Endommagé, lacéré, littéralement démembré, puis finalement détruit, l'un des symboles de Star Trek disparaît sous nos yeux impuissants et incrédules. Prendre le risque de le maltraiter si tôt dans l'aventure secoue et surprend le fan comme le simple spectateur. Un tel risque fait peser sur ce Star Trek Sans Limites une drôle d'impression que l'on est dans l'incapacité, dans un premier temps, de verbaliser.
Le même traitement est réservé à l'équipage : séparés, isolés, ne se retrouvant pas avec leurs habituels pendants, les relations entre les personnages sont comme en suspens, traduisant la séparation (Spock), le doute (Kirk) ou donnant lieu à des alliances inattendues (Scotty, Bones), le tout sur une planète rocailleuse où le bad guy de l'histoire a trouvé refuge, en forme organique de fourmilière.
Pour le reste, Justin Lin marche dans les pas du papa de l'illustre franchise new look. En effet, comme J.J. Abrams, il offre à voir de nombreuses aventures haletantes ou désespérées dans les décombres et au coeur du conflit, à base de poursuites soutenues, de combats mano a mano (parfois expédiés quand la fin s'annonce) et de grand spectacle SF spatial généreux sur fond de CGI la plupart du temps maîtrisés. Le changement derrière la caméra se fait donc en douceur et ne chamboule pas trop, sur ce plan, les fondations de la série.
Le scénario pourra cependant paraître assez simpliste aux yeux des plus critiques, même s'il semble plus se rapprocher de la série originelle. Le moyen choisi pour se débarrasser d'un essaim, très Mars Attacks dans l'esprit, l'humour maîtrisé en moins, pourra leur donner raison. Mais ce serait malheureusement faire l'impasse sur un antagoniste qui ne prend toute sa dimension que dans le dernier tiers du film, quand les scénaristes l'habillent de motivations qui, à nouveau, laissent une drôle d'impression planer sur la conclusion de Star Trek Sans Limites.

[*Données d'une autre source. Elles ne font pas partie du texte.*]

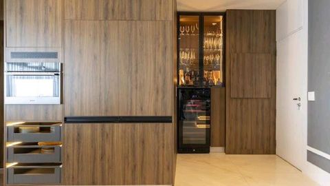 - Cozinha planejada Florence equipada com eletrodomésticos Gorenje embutidos e bancada em Ônix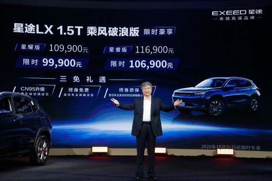 奇瑞汽車股份有限公司黨委書記、董事長尹同躍現場宣布了一項“長期福利”:即日起至10月31日,星途LX 1.5T乘風破浪版限時售價9.99萬元起、還可享CN95空濾免費升級、首任車主基礎流量終身免費、首任車主發(fā)動機及變速箱核心零部件終身質?!叭舛Y包”。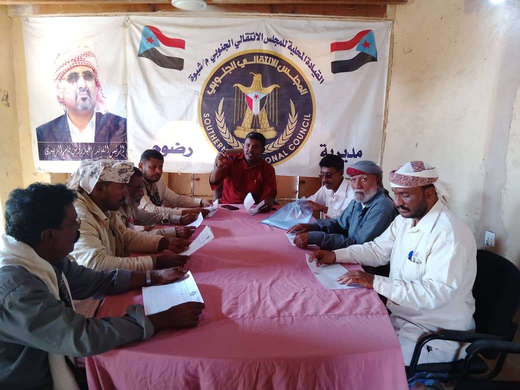 تنفيذية انتقالي رضوم تعقد اجتماعها الدوري لشهر نوفمبر عقدت الهيئة التنفيذية للقيادة المحلية للمجلس الانتقالي الجنوبي في مديرية رضوم بمحافظة بشبوة، اليوم ا...
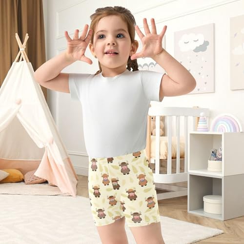 Cute Funny Highland Cattle Pattern Girls Shorts Elastic Waist Sports Shorts Girls Leggings Pants for 4-10 Years 4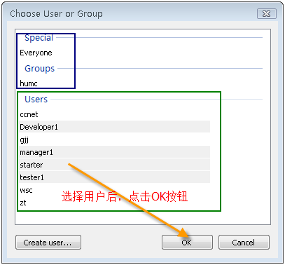 點(diǎn)擊上圖中的"Add..."按鈕,在下圖中選擇我們剛才添加的用戶,點(diǎn)擊OK按鈕:

Car, volonté consciente ou non, le personnage d'Idriss Elba résonne de manière très étrange et actuelle dans notre esprit, renvoyant aux agissements des Etats U... Euh, de la Fédération au détriment de ses alliés, abandonnés, laissés à leur sort. Et des erreurs du passé, lourdes et matricielles, surgit inévitablement le nouveau mal, l'ami d'hier acteur d'un ancien monde et de ses conflits, hors de contrôle et portant une violence aveugle.
Si la fin signe un retour au statu quo ante a priori rassurant pour l'équipage et l'accueil d'une nouvelle tête, les événements du début du film laissent cependant une trace indélébile. Car Star Trek a quand même changé. Sa figure de proue ne saura plus jamais la même. En tout cas, pas celle des premières aventures décoiffantes de 2009, et ce même si ce troisième opus se hisse au niveau, voire dépasse, à mon sens, Into Darkness.

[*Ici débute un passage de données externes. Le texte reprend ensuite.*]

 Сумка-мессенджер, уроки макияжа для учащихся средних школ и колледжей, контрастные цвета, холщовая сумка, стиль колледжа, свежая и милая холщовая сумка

Exécuté avec métier, suffisamment spectaculaire et dépaysant pour intéresser, secouer et satisfaire, Star Trek Sans Limites se présente comme ce que l'on a fait de mieux, point de vue blockbusters, en cette saison estivale 2016 en demi-teinte, gérant les acquis de la saga tout en enrichissant l'univers et la galerie de portraits de cet "espace, frontière de l'infini"...
Behind_the_Mask, qui n'aime pas les sous-pulls (ça gratte...).